Day # 2 (Chest & Biceps)
Incline Dumbbell Squeeze Press
Do 3 sets of 8-10 reps with 60 seconds rest in between.
Take an incline bench and adjust it to a 30-degree angle. Now lie your back against it and grab a dumbbell in each hand. Finally, press the dumbbells into each other and hold the tension as you lift them up.
Machine Seated Chest Press
Do three sets of 12-15 reps with 60 seconds rest in between.
Push-up On Boxes
Perform 2 sets of until you reach failure with 60 seconds’ rest in between.
You have to place your hands on boxes that will raise your torso a few inches off the ground.
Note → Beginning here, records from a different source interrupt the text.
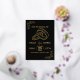 Invitación de boda elegante con foil dorado y negro. Un marco dorado ornamentado y adornos decoran un fondo negro oscuro elegante para un efecto dramático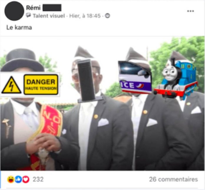 Le montage se veut satirique, il fait surtout l’apologie de morts violentes mettant en cause des policiers. Chacun des symboles grossièrement collés sur les visages des 4 porteurs de cercueils ghanéens est une allusion lourde de sens. Le panneau « danger haute tension » pour la mort de Zyed et Bouna en 2005. Un poteau, pour le décès de Sabri à Argenteuil le 17 mai dernier. Une portière d’un véhicule de police en référence à la jambe écrasée d’un homme de 30 ans à Villeneuve-la-Garenne pendant le confinement. Et enfin un train, comme celui qui a enlevé la vie à Kémyl, 18 ans, à Montigny-lès-Cormeilles le 27 mai. Le montage – titré « le karma » – a été diffusé sur Facebook par un fonctionnaire de police parisien et approuvé par plus de 200 membres des forces de l’ordre, révèle Streetpress.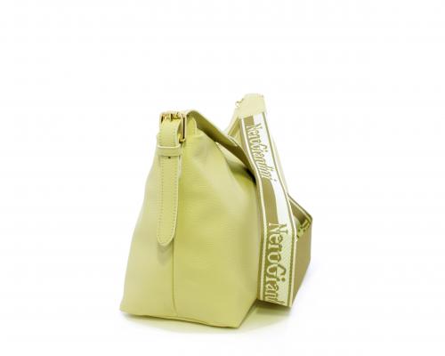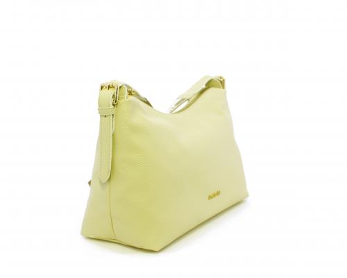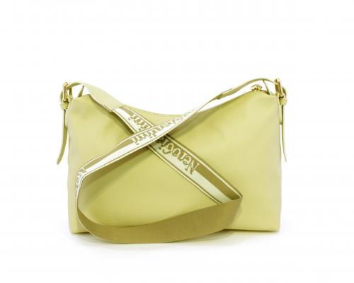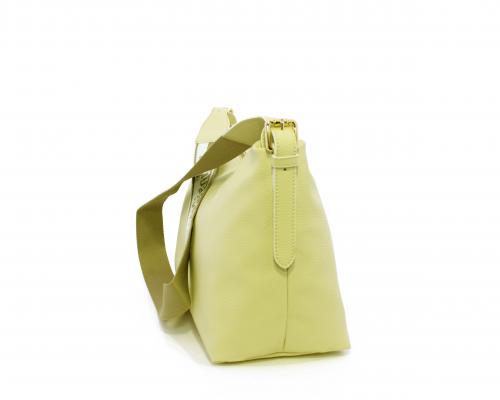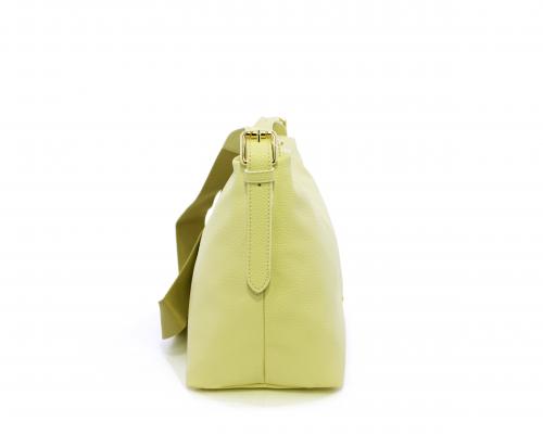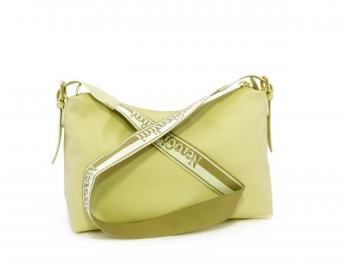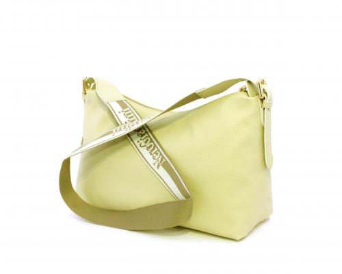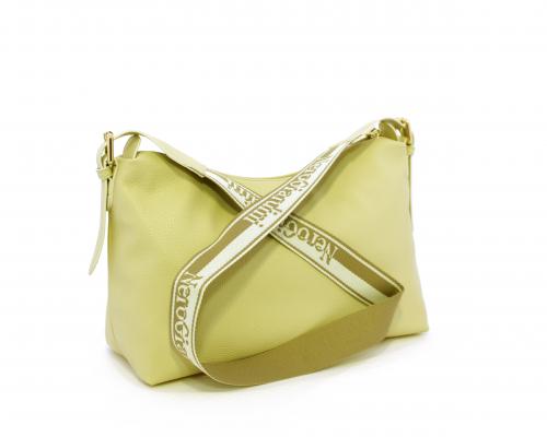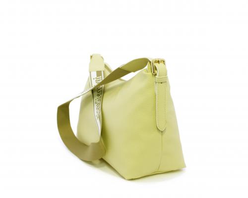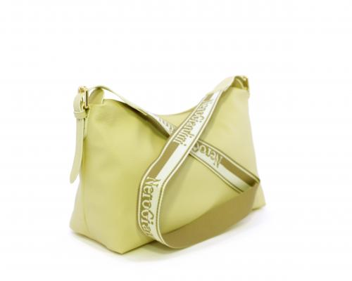 Borsa a tracolla modello sacca, manico lungo in tessuto regolabile, rifiniture color platino, chiusura generale della borsa con cerniera, fodera interna in tessuto, all'interno doppio taschino uno aperto e uno chiuso con zip.

This way you’ll feel a great stretch in your pecs.
Incline Dumbbell Flye
Perform 2 sets of 15 reps with 60 seconds rest in between.
You’ll need a pair of dumbbells and an incline bench for this exercise.
Seated Barbell Biceps Curl
Perform 3 sets of 10-12 reps with 60 seconds rest in between.
Add a couple of extra pounds to challenge yourself.
Incline Dumbbell Biceps Curl
Perform 2 sets of 8-10 reps with 60 seconds rests.
You’ll need an incline bench and a pair of dumbbells.